Here is one of them all ripe and pretty (and slightly wilted) on the right:
Maybe it’s because of the scarcity, but the Golden Girl tasted so tart and delicious. And it wasn’t just me. Gordon and Eddie thought she was yummy too.
So I saved her. I think. Unless I let her seeds germinate by fermenting too long. But I think they’re ok. Nice and fuzzy like the random seeds I bought in the rainbow packet originally.
Got some beautiful watermelon plants – Charleston Gray – growing in reusable grocery bags.
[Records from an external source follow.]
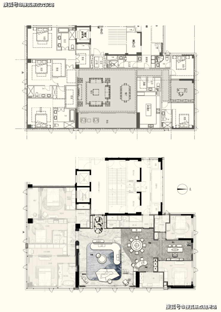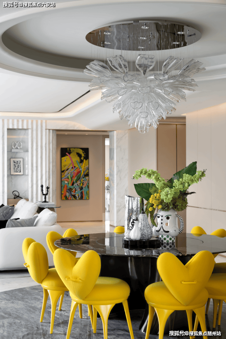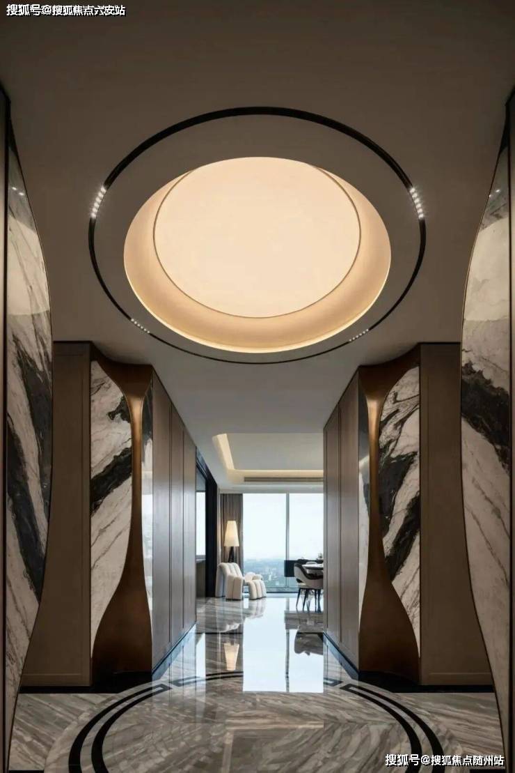约300㎡“观湖”,谢柯打造;另一款是更宽舒的约412㎡“行云”,出自邱德光。尤其是约412㎡“行云”,无论玄关处雪花白、劳伦黑金、金世纪的大胆拼花,瓦楞式的波浪形电视背景墙,还是吸睛的普拉达绿石材吧台,全屋随处可见出色审美和奢华材质的完美结合。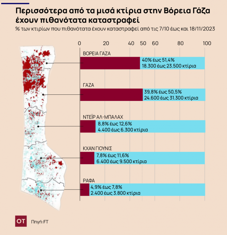Περισσότερο από ένα μήνα αργότερα, σχεδόν οι μισές δομές της περιοχής της Βόρειας Γάζας έχουν υποστεί σοβαρές ζημιές, δείχνει η ανάλυση των δεδομένων ραντάρ.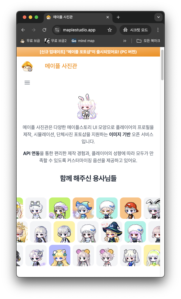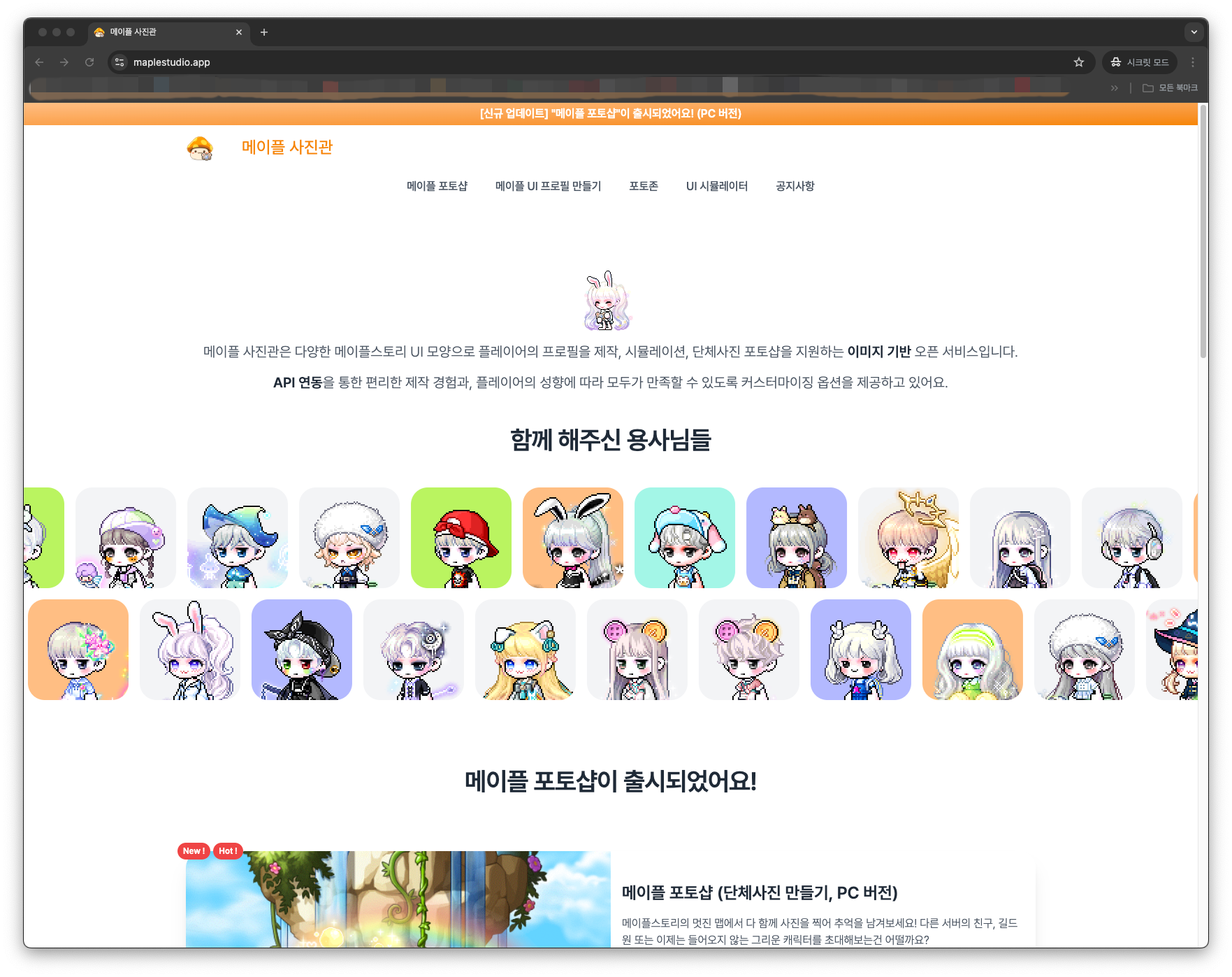 메이플 사진관을 이용해주신 용사님들에게 고마움을 표현하기 위해 다녀간 캐릭터를 좀 더 메인에 예쁘게 전시하기로 했습니다.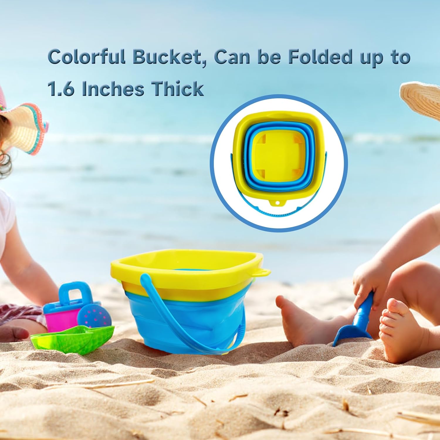 - Foldable Sand Bucket: The bucket can be foldable to a thickness of 1.6 inches, portable and lightweight, made of silicone and high-quality plastic, small and cute, not for large fish

I’m going to go ahead and embarrass myself by publishing some assumptions without first doing research.
Container gardening poses challenges with moisture sometimes more so than gardening in the ground
Cloth bags don’t hold moisture all that well (hence people posting things like “it’s impossible to over water”)
Water- fucking- melon should probably receive plenty of water, Yeah?
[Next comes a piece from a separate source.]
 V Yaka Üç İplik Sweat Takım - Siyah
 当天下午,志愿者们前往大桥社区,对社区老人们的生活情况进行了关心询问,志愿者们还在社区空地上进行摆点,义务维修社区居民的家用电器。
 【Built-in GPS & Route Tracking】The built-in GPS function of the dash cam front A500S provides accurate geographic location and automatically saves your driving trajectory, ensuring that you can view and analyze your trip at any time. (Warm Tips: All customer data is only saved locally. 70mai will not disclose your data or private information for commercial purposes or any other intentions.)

I’ve been a bit of a stingy waterer thus far
And now for the drum roll………
Presenting Blossom End Rot!
So far it only seems like 2 of the 9 babies are affected. And now I solemnly swear to water them every day until they are nearly ripe (if we are so blessed to make it that far) and I will at that point withhold water for the sole purpose of sweetening.
Out of curiosity Silas and I cut into one. He said, “I bet it’s red inside!” I said, “I bet it’s white.” Well, guess who was right?
They smell fantastic and are surprisingly sweet for being so little.
(Now, let’s just cross our fingers that it’s not a real calcium deficiency.)
$1 apiece. Marshall’s bags. Huge and less porous than the cloth kind of shopping bag, so holds moisture better. I would call it a successful experiment. I have indeterminate heirlooms overtaking six foot bamboo stakes and producing lovely fruit, all contained within these colorful bags.
These came from Burpee’s heirloom assortment, which I did my best to examine for differences hoping to reap the greatest probable variety.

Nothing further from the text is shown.